Na wat gekeuvel over verantwoordelijkheden, discipline en bescherming tegen boetes die misschien worden ingevoerd en die bestuurders hard zullen raken, werd de reden waarom de bestuursmaanden-toewijzing aangepast diende te worden mij niet duidelijk. Bescherming van studenten tegen de langstudeerboete bleek bijvoorbeeld ook geen sterk argument tegen bestuursfuncties. Als de LKvV-maatregel (van de landelijke kamer voor verenigingen) wordt ingevoerd is dat voor Kortmann geen reden om het standpunt over fulltime besturen te wijzigen.
Argument na argument bekroop mij het gevoel dat het ‘slechts’ een motie van wantrouwen betrof jegens de huidige bestuursmaanden-toewijzing. Een probleem of wantrouwen dat je volgens mij beter verhelpt met een goede coaching aan studentenorganisaties, om daarmee of tot efficiënter bestuur te komen, of via feedback tot meer begrip aan onze top.
Eén van Kortmanns plannen betreft opdelen van het budget in een ‘vast deel’ en een ‘prestatie deel’. Het vaste deel is een vergoeding op basis van de intensiteit van de functie, vergelijkbaar met het huidige bestuursmaanden-systeem. Door een deel van het totale budget te oormerken als ‘prestatie deel’, zouden bestuurders die naast hun bestuursfunctie een aanzienlijk aantal studiepunten weten te behalen extra beloond worden. Alsof de kosten van vertraging voor de student niet al voldoende aanleiding zouden geven te studeren waar mogelijk. Deze regeling zou studenten in overgewaardeerde bestuursfuncties, waarvoor meer maanden staan dan nodig, een interessant financieel voordeel geven. Het falen van de huidige bestuursmaanden-toewijzing wordt voor sommige verenigingen zo wel heel lucratief.

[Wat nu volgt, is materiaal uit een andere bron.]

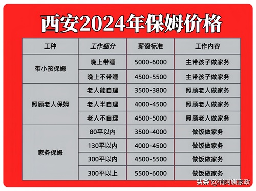 序言:在西安找个保姆到底要花多少钱?相信很多家里想请保姆的人都想知道这个答案,实际上保姆的工作内容、工作量不同、保姆的工资标准也不同,今天我就把西安2024年保姆价格做一个详细说明,以后家里找保姆时可以以这个作为参考: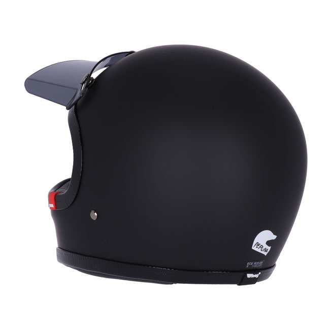 Avontuur, zonder goede reden. Het is wat de Roeg-crew drijft, het is waar we van houden, en daarom hebben we de Peruna gemaakt. Of je nu met vrienden een rommeltje maakt, of eindelijk op pad gaat voor die Afrikaanse woestijntrektocht waar je van gedroomd hebt, je hebt een Peruna nodig. De ultieme full-face reisbuddy voor waar de reis je ook brengt. De helm is gemaakt van 'RQ LIGHT' glasvezel schaal met een multi-density EPS voering en in twee ergonomische schaalmaten. Voorzien van een klassieke dubbele D-ring verstelbare kinband met microtech fleece vulling, gunmetal grijze geïntegreerde vizier/schild drukknopen, Microtech fleece comfort voering die verwijderbaar en wasbaar is, met premium geperforeerde lederen details, ECE-R22.05 goedkeuring, RQ XXL retro trim en verwijderbare dark smoke doorschijnende klep. Los verkrijgbare klep in meerdere kleuren om hem helemaal naar je eigen smaak te maken.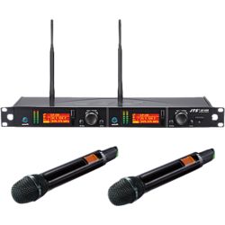 UF-20 Dual Channel Handheld wideband wireless system- 624-694MHz Includes: UF-20R Dual Channel Receiver & 2 x JSS-20 handheld transmitters UHF True diversity technology Maximum 2400 to 3000 selectable frequencies across 60 to 75 MHz Features: Remoset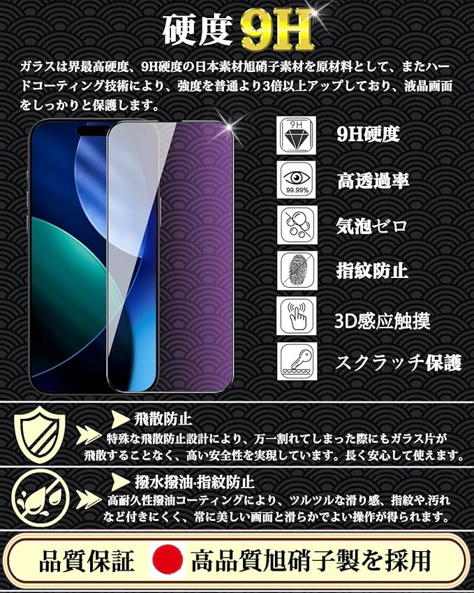 【表面硬度9H!飛散防止】日本製素材旭硝子製を採用しております、高品質な素材で衝撃を緩和し画面の破損を最低限まで抑えます。9H硬度で、ハードコーティング技術により、衝撃を緩和し画面の破損を最低限まで抑え、すり傷や指紋からもスクリーンをしっかりと保護します。

Er is nog een ander probleem. De prestatie van een studentbestuurder eenzijdig meten aan het studiesucces is een perverse prikkel om bestuurswerk minder zorgvuldig te doen. De ‘prestaties’ binnen de bestuursfunctie worden niet gemeten. Binnen studentenorganisaties heb ik ‘lamballen’ gezien, die naast hun bestuursfunctie misschien best wat meer hadden kunnen studeren. Minstens zo vaak zag ik echter studentbestuurders wiens studie nergens onder leed, maar die wat betreft hun bestuursfunctie de grootste lamballen waren. Dat ging altijd ten koste van studenten of studentenorganisatie, of, en dat is minstens zo zorgwekkend, van medebestuursleden die de taken vervolgens moesten overnemen.
Het belonen van slecht besturen moet je niet willen.